- _Description of the task_:
Among the entries below, copy only the span from the line containing "Лук, морковь, картошку" through the line containing "Number: 03**** |". Do so exactly, and skip the pictures.

- _Records to use_:

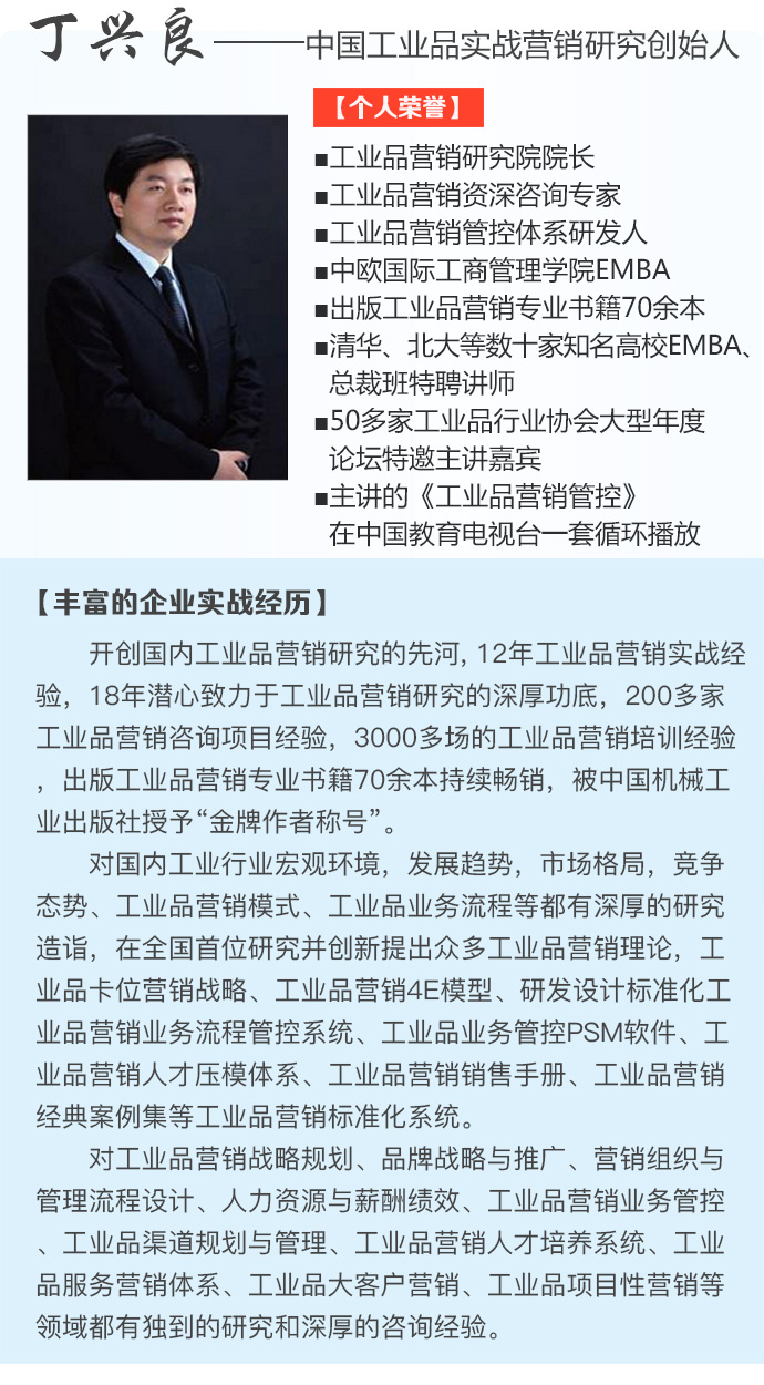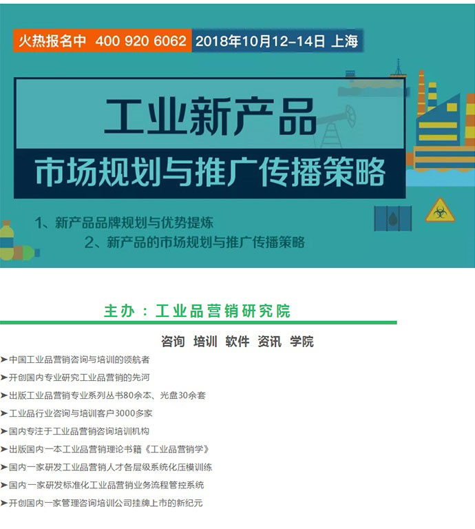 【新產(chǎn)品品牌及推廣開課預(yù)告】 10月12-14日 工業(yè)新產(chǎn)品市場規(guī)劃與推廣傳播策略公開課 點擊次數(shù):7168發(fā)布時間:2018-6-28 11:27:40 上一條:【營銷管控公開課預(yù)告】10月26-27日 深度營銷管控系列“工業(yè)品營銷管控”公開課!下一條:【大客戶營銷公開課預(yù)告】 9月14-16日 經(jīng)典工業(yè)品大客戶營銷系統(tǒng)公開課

--

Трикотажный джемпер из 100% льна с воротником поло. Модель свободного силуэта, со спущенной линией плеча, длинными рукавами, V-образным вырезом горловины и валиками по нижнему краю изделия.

---

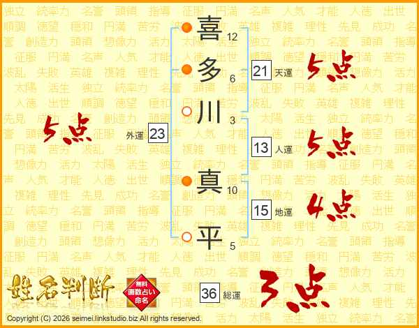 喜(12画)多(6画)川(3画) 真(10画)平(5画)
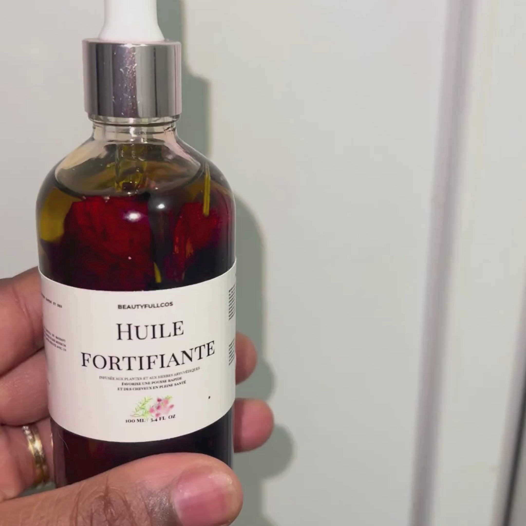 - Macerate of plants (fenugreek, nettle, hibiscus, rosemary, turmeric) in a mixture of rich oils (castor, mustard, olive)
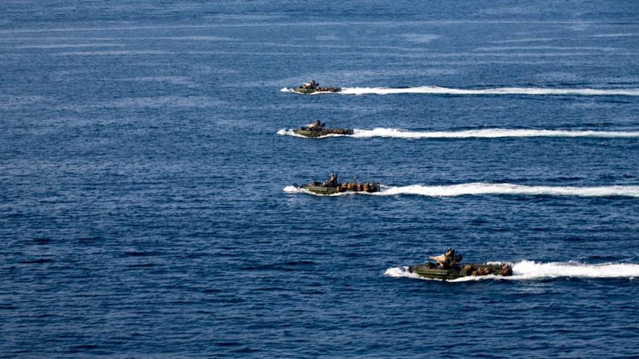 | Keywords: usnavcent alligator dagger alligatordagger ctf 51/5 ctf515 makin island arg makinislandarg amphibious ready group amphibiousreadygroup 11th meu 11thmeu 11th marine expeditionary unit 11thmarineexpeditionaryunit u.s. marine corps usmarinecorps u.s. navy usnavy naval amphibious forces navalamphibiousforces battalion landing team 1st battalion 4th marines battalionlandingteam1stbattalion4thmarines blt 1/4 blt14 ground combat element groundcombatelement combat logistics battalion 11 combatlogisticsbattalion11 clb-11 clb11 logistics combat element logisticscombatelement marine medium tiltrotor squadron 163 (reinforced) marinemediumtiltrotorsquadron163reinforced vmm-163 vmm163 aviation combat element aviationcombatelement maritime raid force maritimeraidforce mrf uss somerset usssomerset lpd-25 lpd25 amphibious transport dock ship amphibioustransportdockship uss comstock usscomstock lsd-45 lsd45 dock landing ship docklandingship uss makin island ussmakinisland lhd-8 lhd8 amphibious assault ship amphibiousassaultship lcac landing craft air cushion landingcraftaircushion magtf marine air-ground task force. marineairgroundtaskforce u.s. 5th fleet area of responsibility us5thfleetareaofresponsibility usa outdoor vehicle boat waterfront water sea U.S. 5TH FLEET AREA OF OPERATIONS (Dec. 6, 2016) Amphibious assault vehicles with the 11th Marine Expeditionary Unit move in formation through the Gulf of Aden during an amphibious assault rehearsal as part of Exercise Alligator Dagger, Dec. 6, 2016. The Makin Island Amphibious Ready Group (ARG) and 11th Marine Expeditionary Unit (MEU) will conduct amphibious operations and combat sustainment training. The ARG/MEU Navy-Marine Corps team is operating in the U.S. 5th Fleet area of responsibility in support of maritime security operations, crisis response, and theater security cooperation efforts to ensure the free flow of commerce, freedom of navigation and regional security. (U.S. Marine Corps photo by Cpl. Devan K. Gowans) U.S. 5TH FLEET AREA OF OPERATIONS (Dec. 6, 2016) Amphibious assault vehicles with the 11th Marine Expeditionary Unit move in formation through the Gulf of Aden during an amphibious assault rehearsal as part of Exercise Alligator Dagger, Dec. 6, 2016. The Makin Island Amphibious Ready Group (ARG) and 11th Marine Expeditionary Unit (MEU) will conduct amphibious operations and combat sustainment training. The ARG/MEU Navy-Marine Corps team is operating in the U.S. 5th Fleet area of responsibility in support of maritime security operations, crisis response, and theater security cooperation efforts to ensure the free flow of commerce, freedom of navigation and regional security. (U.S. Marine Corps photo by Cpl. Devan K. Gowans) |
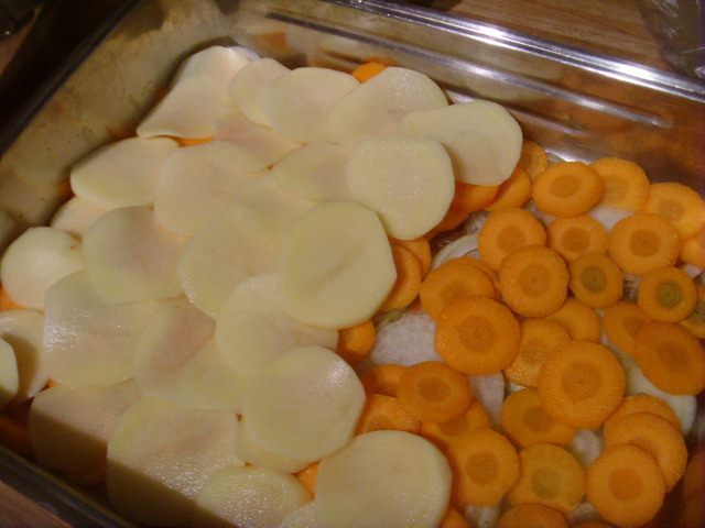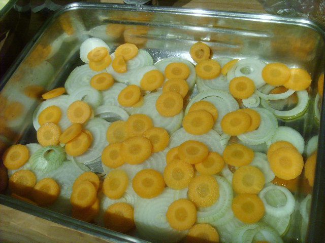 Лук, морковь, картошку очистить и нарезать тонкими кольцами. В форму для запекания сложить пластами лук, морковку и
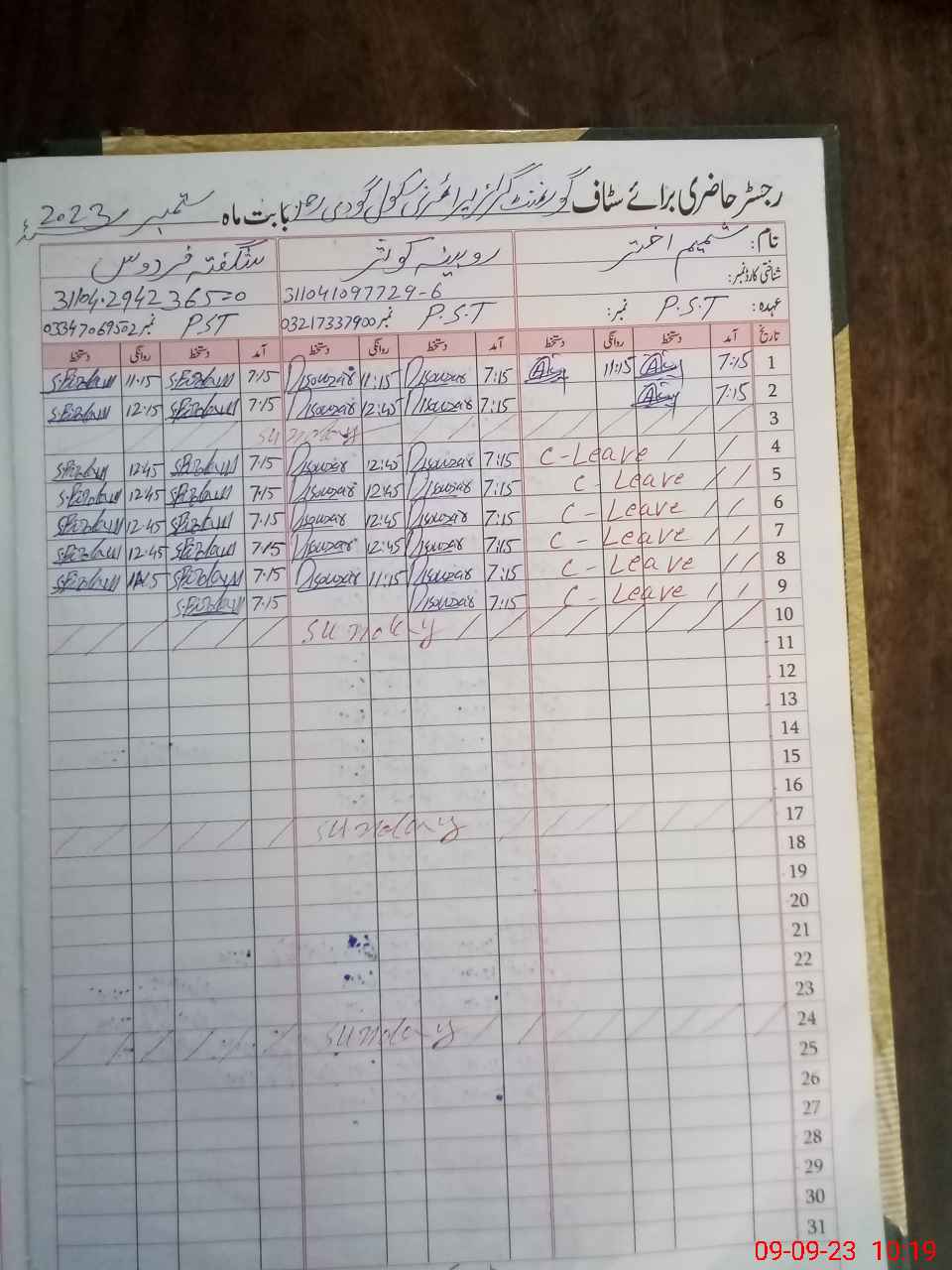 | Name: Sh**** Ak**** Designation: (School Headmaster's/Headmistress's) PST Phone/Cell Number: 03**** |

- _Finished exercise_:
 Лук, морковь, картошку очистить и нарезать тонкими кольцами. В форму для запекания сложить пластами лук, морковку и
 | Name: Sh**** Ak**** Designation: (School Headmaster's/Headmistress's) PST Phone/Cell Number: 03**** |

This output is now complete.